One of the key features marking “failed” states in contemporary political discourse is their incapacity to serve the needs of their respective populations, to govern as well as rule.1 Amid the ruins of bureaucratic infrastructure (which in specific historical terms may have existed only in imagination) lies a sense of moral as well as political duty: a sovereign power that does not foster life loses a basic claim to legitimacy. We expect that people — even small children — will live. Furthermore, as a legacy of the biopolitical welfare provisions, we now attribute responsibility for their wellbeing to their respective nationstates or, failing that, to international agencies.
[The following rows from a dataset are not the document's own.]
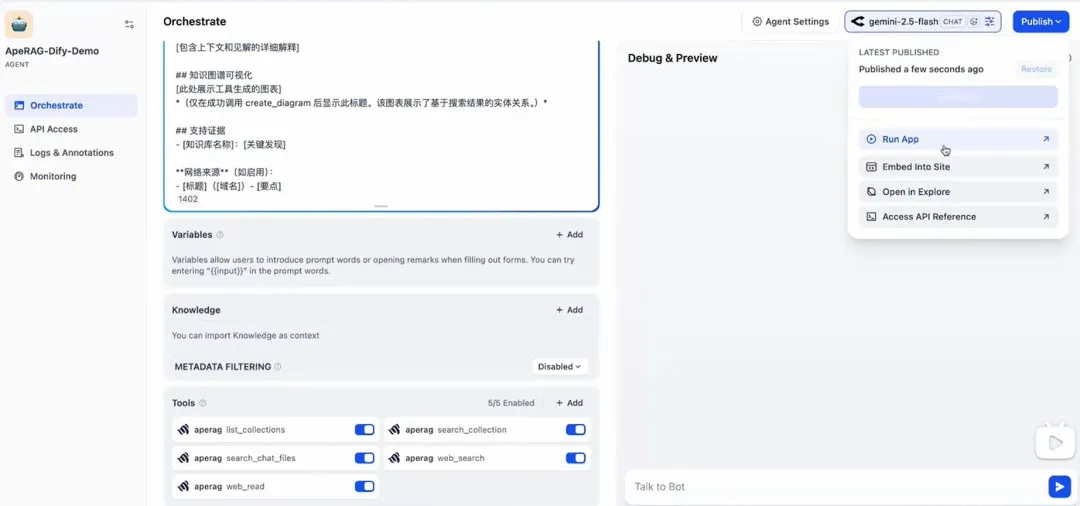 Integrating ApeRAG with Dify is very simple. Once integrated, you can not only experience Dify's platform features but also enjoy ApeRAG's powerful Graph-RAG capabilities!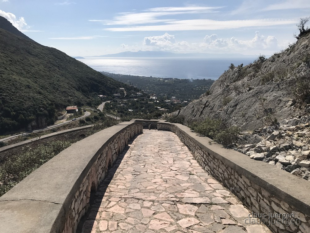 Wir sehen von hier aus das Druckrohr eines Wasserkraftwerks direkt am Meer. Albanien erzeugt seinen Strom wenn auch aufgrund der im Sommer mangelnden Niederschläge über einen Großteil des Jahres durch Wasserkraft.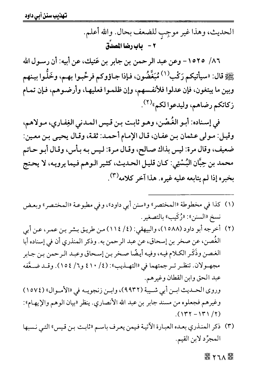 (¬٣). ذكر المنذري بعده العبارة الآتية فيمن يعرف باسم «ثابت بن قيس» التي نسبها المجرِّد لابن القيم.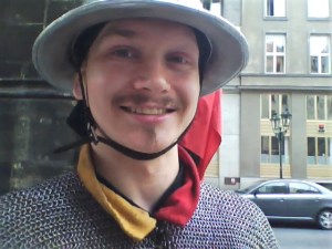 He is multi-talented, telling us he learned his English (quite good) from watching television and talking to tourists. He proudly announced he made his metal vest himself, patterned after medieval vests used in jousting and battle. He has played in a modern tournament.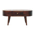 • Rounded Table - This solid wood table has been constructed from 100% solid mango wood in a finish and offers a unique shaped design with rounded edges. It features one small drawer with a shiny knob and Nordic style legs. A great, simple addition to the home.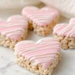 Delightfully festive Rice Krispie Hearts made by shaping classic marshmallow-coated cereal into heart shapes and decorated with pink and white candy melts. Perfect for Valentine’s Day or any special occasion, these treats are easy to make and fun to decorate.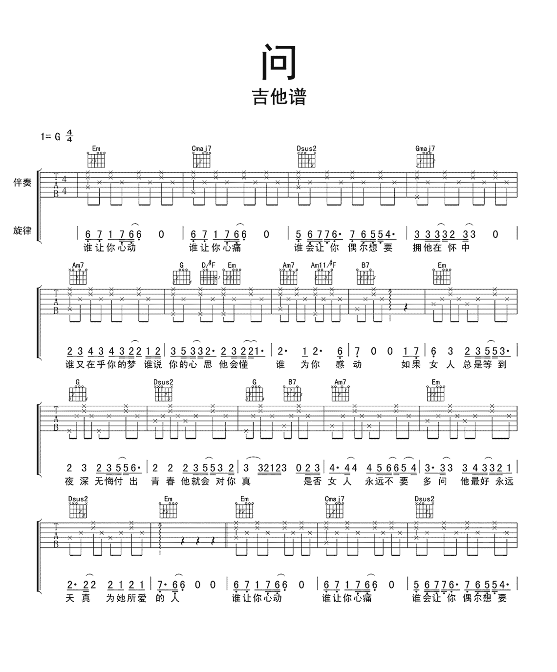 问吉他谱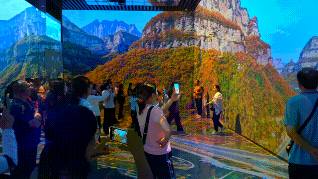 展厅内“秋韵太行”正以光影为笔,描绘太行醉美秋色。与父母并肩驻足,仿佛同游太行秋林。他们眼中的笑意,也如这秋光般,温煦动人。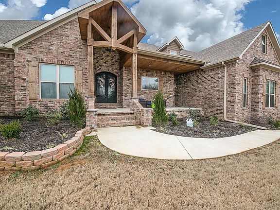 This stunning custom home, nestled on over six acres, offers an exquisite blend of luxury and comfort with all the modern upgrades you desire. The main house, an all-brick masterpiece, features four bedrooms, three and a half baths, and captivating beam work throughout. Enjoy the elegance of luxury vinyl plank flooring and a living room adorned with a beautiful tile fireplace. The kitchen is a chef's dream with a double wall oven and a massive pantry, while the bar area beckons for entertaining. The spacious master bedroom includes an adjoining room perfect for a private retreat or home office. Step outside to relax by the inviting in-ground pool, complete with a pool house that boasts a fully equipped kitchen, a bedroom, and one and a half baths—ideal for guests or as a serene getaway. This home truly embodies the perfect balance of sophistication and functionality.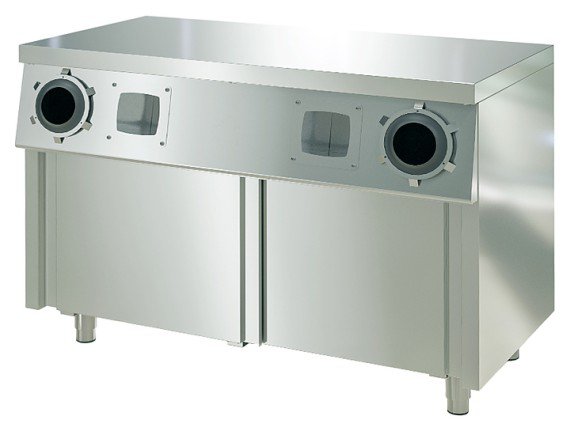 Стол-тумба ATESY СТД-2/1200-2 используется на предприятиях общественного питания и торговли для комплексного оснащения рабочего места раздачи холодных и горячих напитков. Изделие выполнено из пищевой нержавеющей стали AISI 430.

Ordinary existence has become not only a matter of expert concern but also a thoroughly normative one, as taken for granted as the political form of nationstate or the condition of citizenship itself.
生物期望:作为人道主义物资的生命技术
在当代政治话语中,标志着“失败”国家的一个关键特征是,它们没有能力满足各自人民的需求,既没有能力治理,也没有能力统治在官僚基础设施(在特定的历史条件下可能只存在于想象中)的废墟中,存在着一种道德和政治责任感:一个不能促进生活的主权国家失去了对合法性的基本要求。我们期望人们- -甚至是小孩子- -能活下来。此外,作为生物政治福利条款的遗产,我们现在将他们福祉的责任归咎于各自的民族国家,如果做不到这一点,则归咎于国际机构。普通的存在不仅成为专家关注的问题,而且成为完全规范的问题,就像民族国家的政治形式或公民身份本身的条件一样被视为理所当然。
本文章由计算机程序翻译,如有差异,请以英文原文为准。